Okay, now f^2 is in homog(I), but f isn't, and f is homogeneous. Hence homog(dehomog(f)) = f / y^k, where k is the largest power of y that divides f. Let g = f / y^k; it is homogeneous and not a multiple of y. Hence homog(dehomog(g)) = g.
Okay, now (g y^k)^2 is in homog(I). Dehomogenizing, we learn dehomog(g)^2 is in I. Hence dehomog(g) is in I, since I is radical. Hence homog(dehomog(g)) = g is in homog(I). Therefore f = g y^k is in homog(I).
2. Let I be a radical homogeneous ideal in R[y].
Show that dehomog(I) is radical.
Let f^2 be in dehomog(I). Then f^2 = dehomog(g) for some homogeneous g in I. So homog(f^2) = g / y^k for the largest y^k dividing g.
Hence y^k homog(f^2) is in I. If k is odd, multiply by y again, staying in I.
Hence y^{k or k+1} homog(f)^2 is in I.
Since I is radical, y^{ceiling(k/2)} homog(f) is in I.
Dehomogenizing, we learn f is in I.
3. Let I be an ideal in R such that homog(I) is radical. Show that I is radical.
I = dehomog(homog(I)). Now apply #2.
4. Give an example of I in R[y], homogeneous but not radical, such that dehomog(I) is radical.

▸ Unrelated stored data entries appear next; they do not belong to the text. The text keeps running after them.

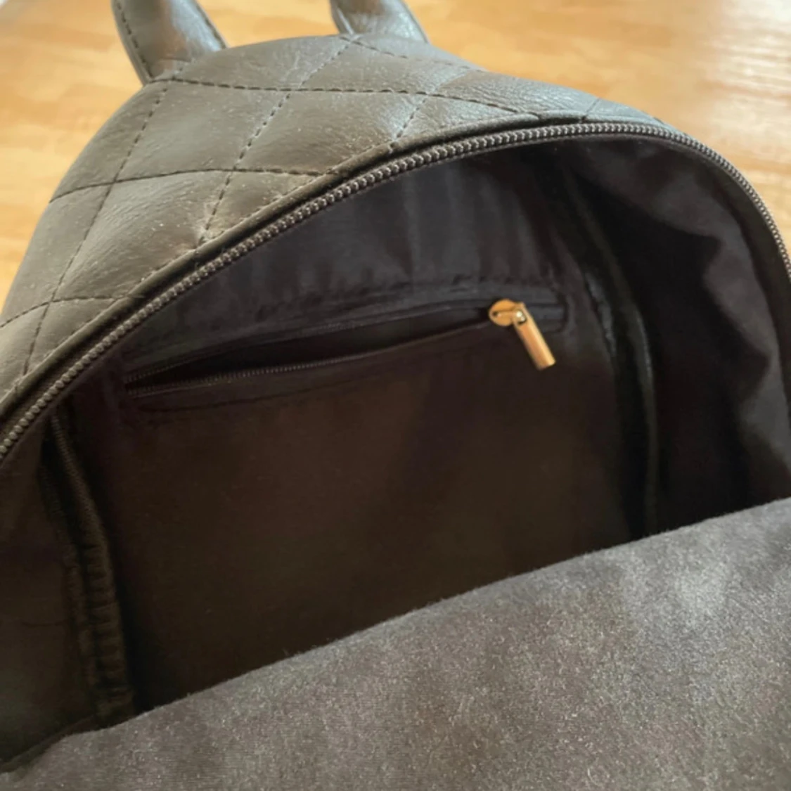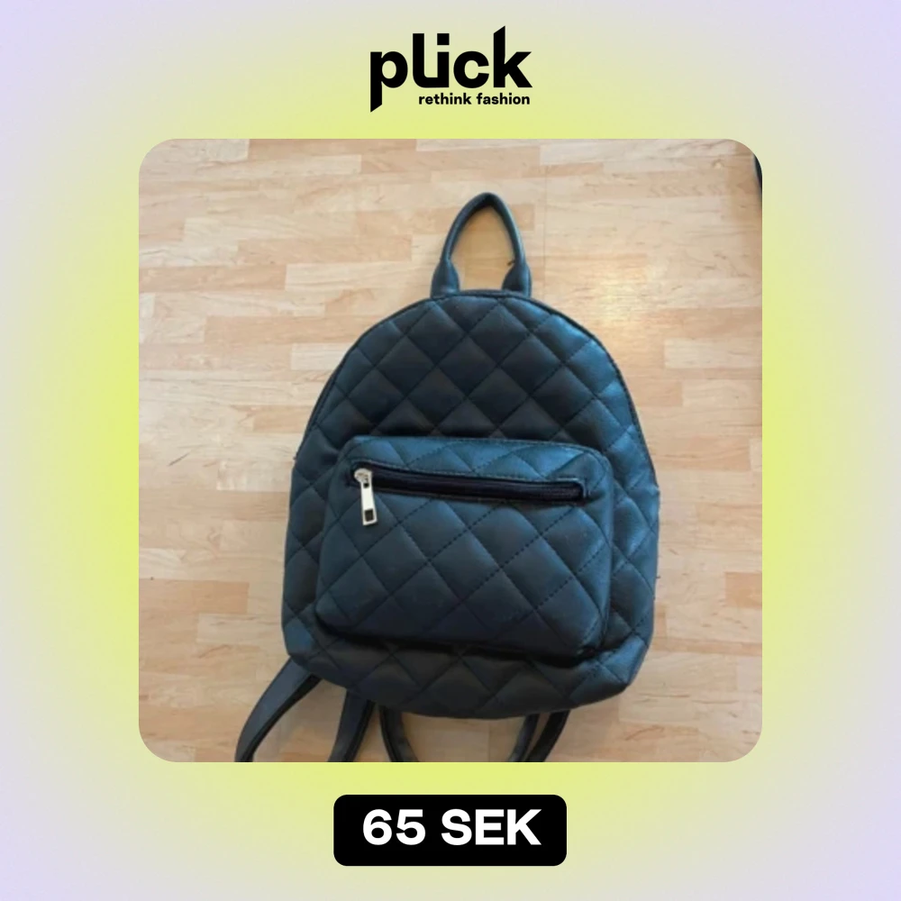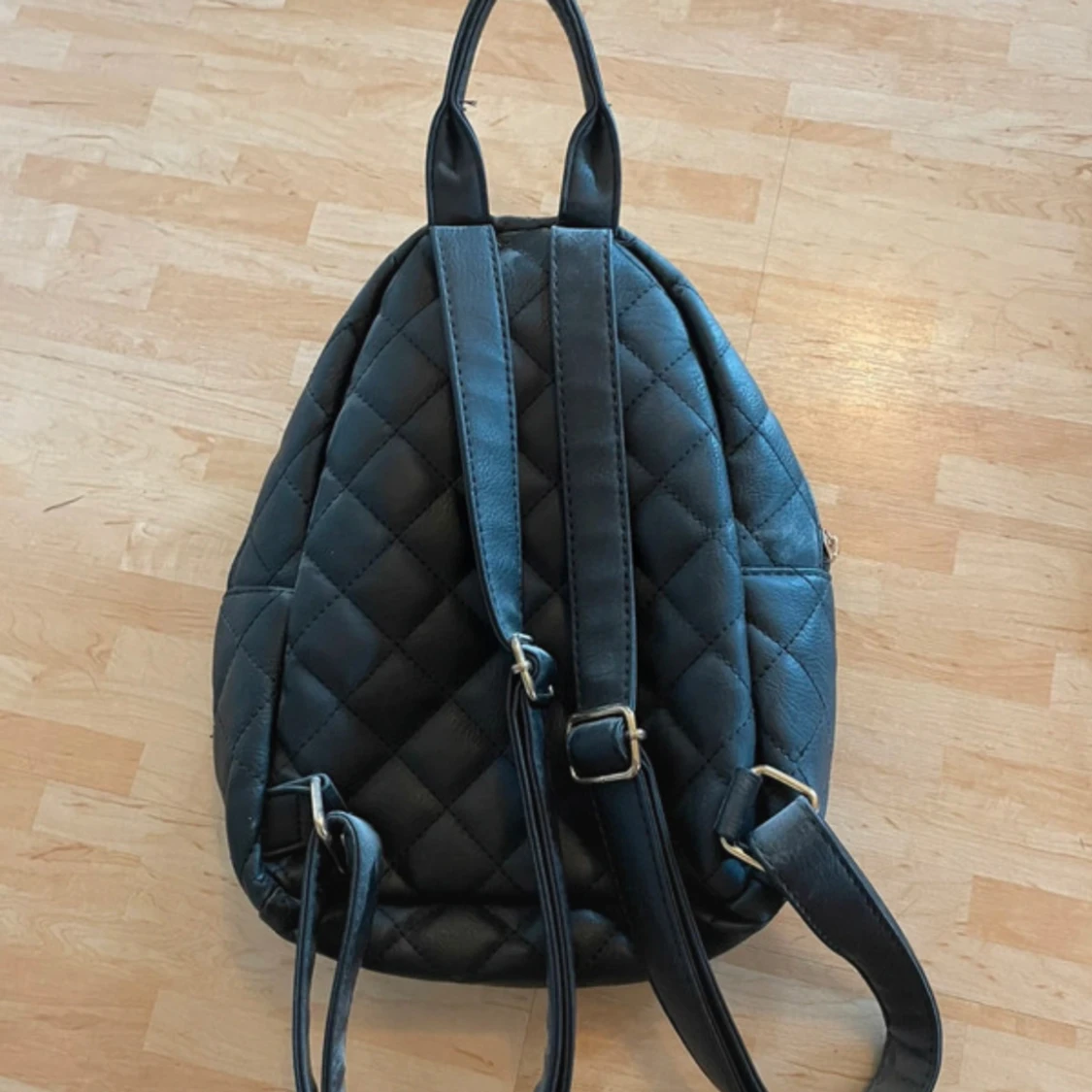 En svart liten ryggsäck använd bara ett par gånger. Den är 30 cm hög och cirka 25 cm som bredast. Väskan har guld färgade spännen och även en liten fick inuti.
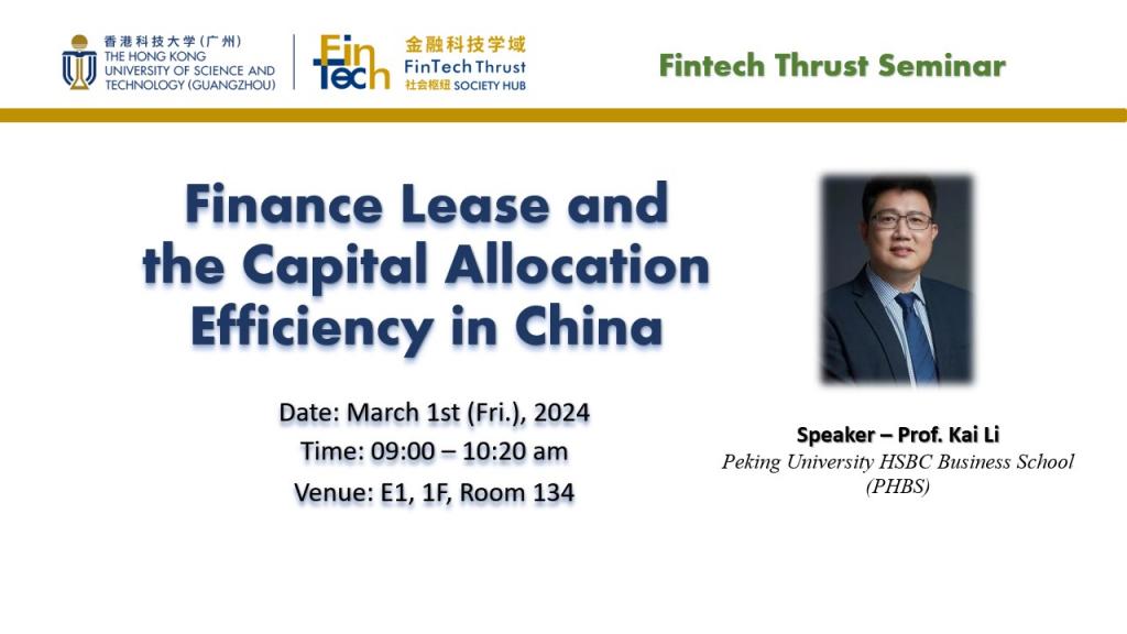 FINTECH THRUST SEMINAR |  Finance Lease and the Capital Allocation Efficiency in China
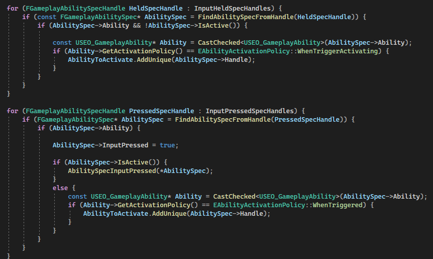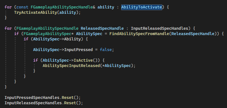 It is time to talk about the process of how the ability activate. The ability that held in InputPressedSpecHandle and InputHeldSpecHandle will being loop and added into the AbilityToActivate array.
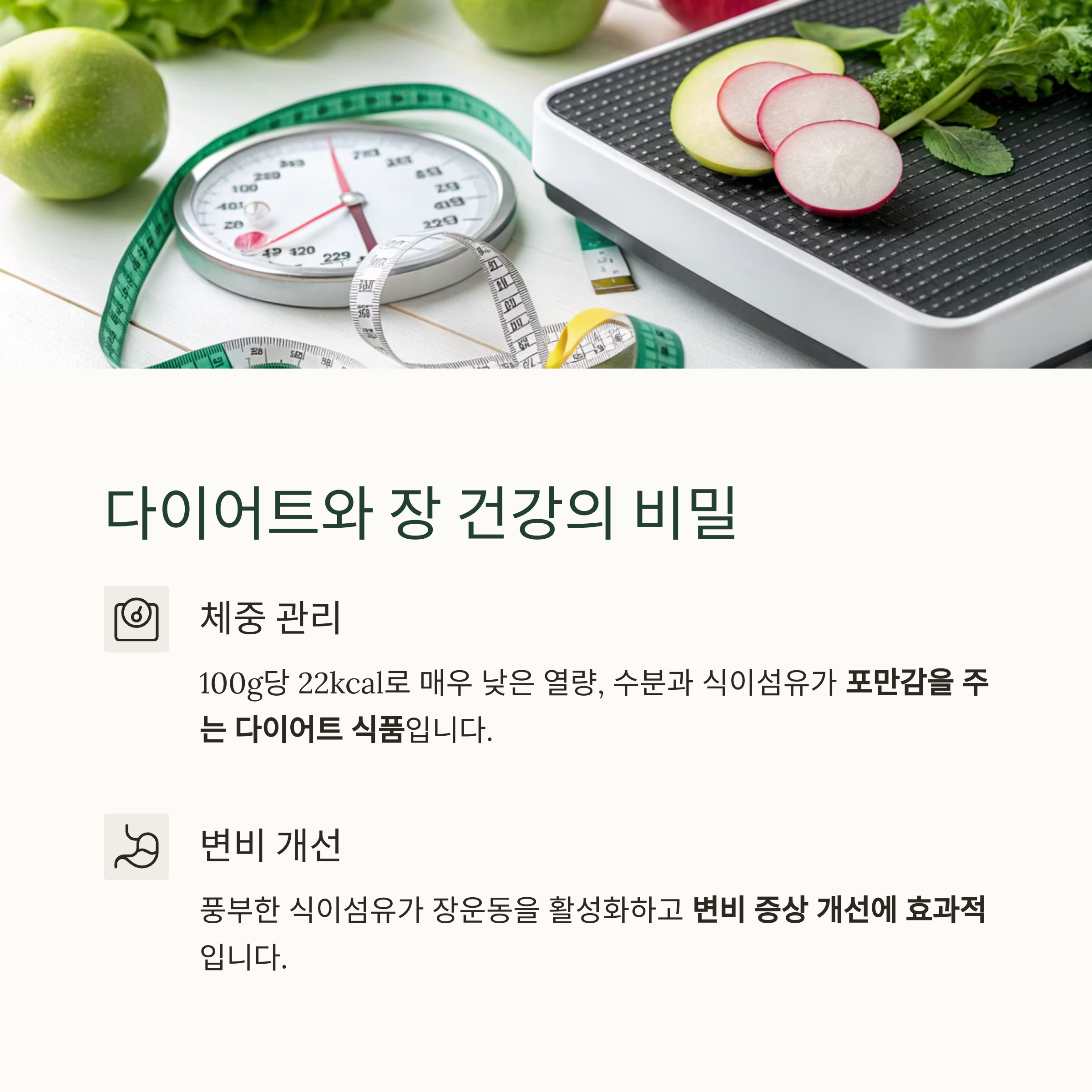 | 열량 | 22kcal | 저칼로리, 체중 관리 |

The simplest is I generated by y^2.
Geometrically, the idea is this. PV(I) lives in projective space. Being nonradical means it has some fuzz on it somewhere (that the generators of the radical would shave off). Dehomogenizing means intersecting PV(I) with affine space, throwing away the stuff at infinity. So we need to arrange for all the fuzz to be at infinity. The ideal y^2 cuts out exactly the hyperplane at infinity, but with fuzz.
5. Let I be generated by xy, x+y-1. Find a term order such that init(homog(I)) is radical.
Conclude that I is radical.
homog(I) is generated by xy, x+y-z (here the new variable is z).
With the right lex order, the initial terms are xy and -z.
Since those have gcd=1, this is a Gr\"obner basis whose initial terms are squarefree.
Hence I is radical.
6. Draw the simplicial complex associated to the ideal generated by {e, af, bd} in C[a,b,c,d,e,f].
It's a solid square cut into four triangles with a,b,f,d at the corners and c in the middle.
7. Draw the solid abc triangle, and put a vertex d in the middle, with new edges connected to a,b,c. (The red, but not blue, lines in this picture.) What's the corresponding Stanley-Reisner ideal, and its Hilbert series?
This wasn't at all well specified, for which I apologize. If you didn't manage to read my mind, but made clear what complex you were working with, that's good enough.
What I'd intended to indicate was a union of three solid triangles, abd & bcd & cad. So the only faces missing are abcd and abc itself. In particular the S-R ideal should be generated by abc.
Then the Hilbert series is 1/(1-t)^4 * (1-t^3).